What you write must match, character for character, the lines from the one with "宋代美学麻布绘画竹叶圆形吸顶灯超亮LED主灯大灯客厅餐厅卧室灯" down to the one with "Duruma sinirlenen yolcu, otobüsün" in the listing below, minus its pictures.
SUPPLIED ENTRIES section start
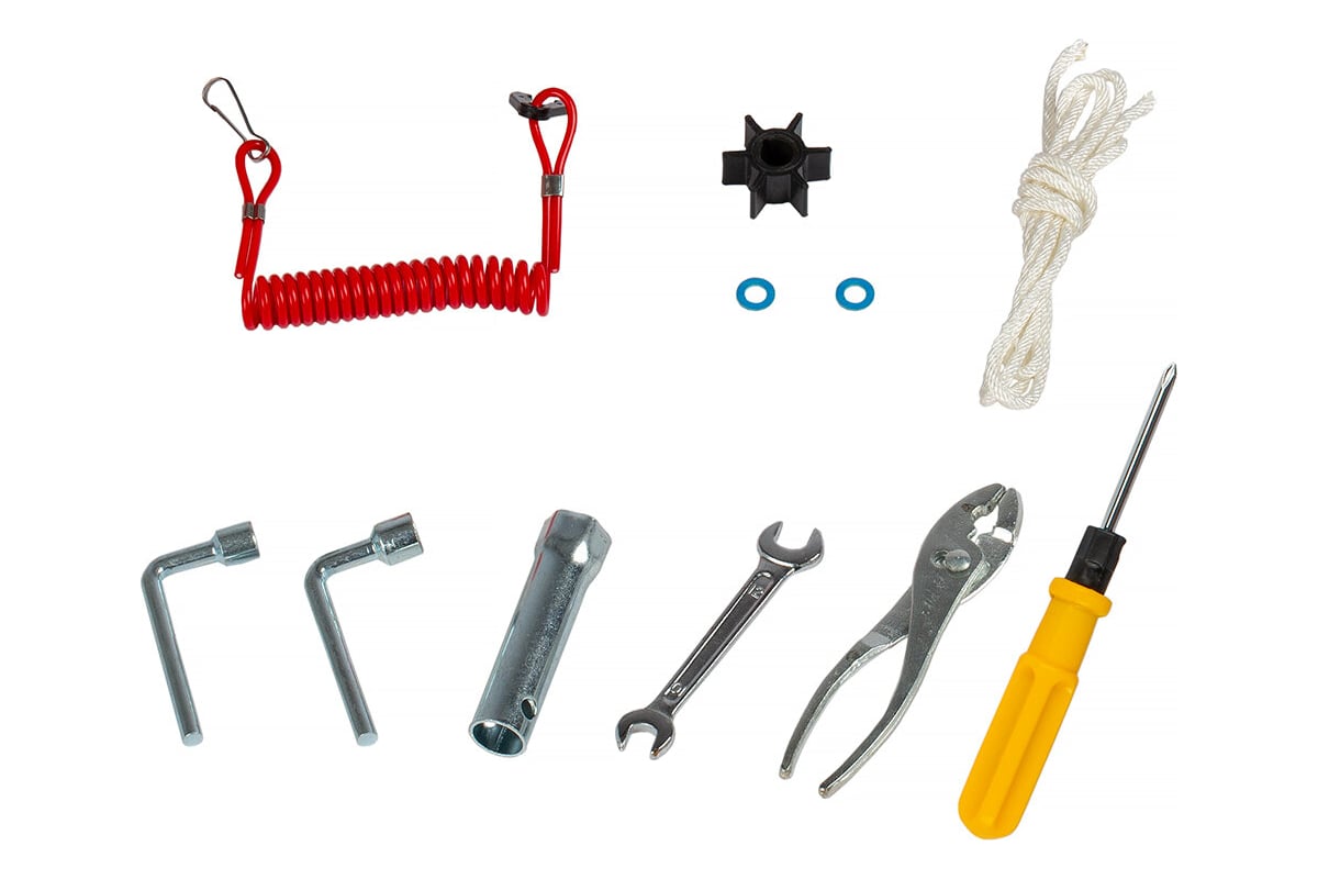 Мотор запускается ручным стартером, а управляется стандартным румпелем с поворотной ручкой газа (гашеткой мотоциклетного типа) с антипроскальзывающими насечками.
SUPPLIED ENTRIES section end
SUPPLIED ENTRIES section start
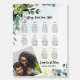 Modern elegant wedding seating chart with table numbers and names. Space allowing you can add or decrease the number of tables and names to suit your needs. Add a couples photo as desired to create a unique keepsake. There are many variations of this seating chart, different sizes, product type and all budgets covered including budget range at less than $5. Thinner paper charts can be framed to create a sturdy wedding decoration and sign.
SUPPLIED ENTRIES section end
SUPPLIED ENTRIES section start
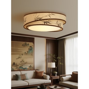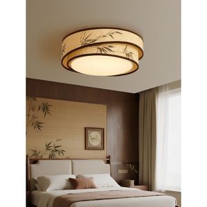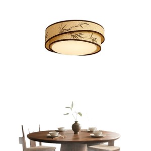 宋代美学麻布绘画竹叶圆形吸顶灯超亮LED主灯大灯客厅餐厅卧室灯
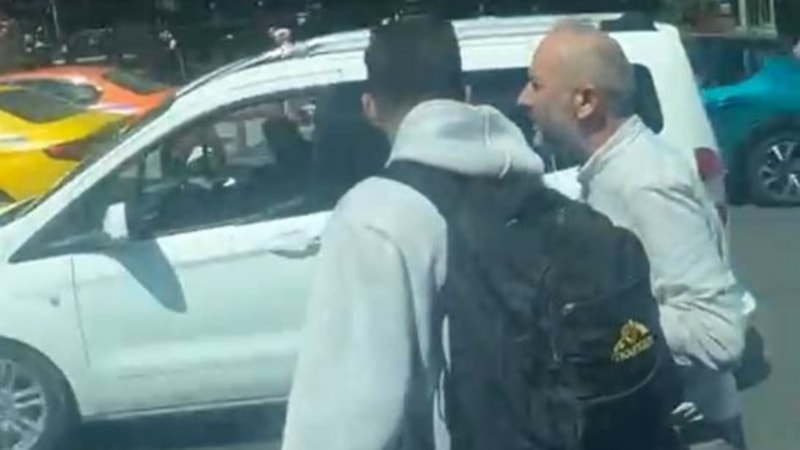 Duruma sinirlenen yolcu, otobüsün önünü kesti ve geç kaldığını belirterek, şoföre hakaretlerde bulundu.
SUPPLIED ENTRIES section end
*PROBLEM SOLUTION:*
 宋代美学麻布绘画竹叶圆形吸顶灯超亮LED主灯大灯客厅餐厅卧室灯
 Duruma sinirlenen yolcu, otobüsün önünü kesti ve geç kaldığını belirterek, şoföre hakaretlerde bulundu.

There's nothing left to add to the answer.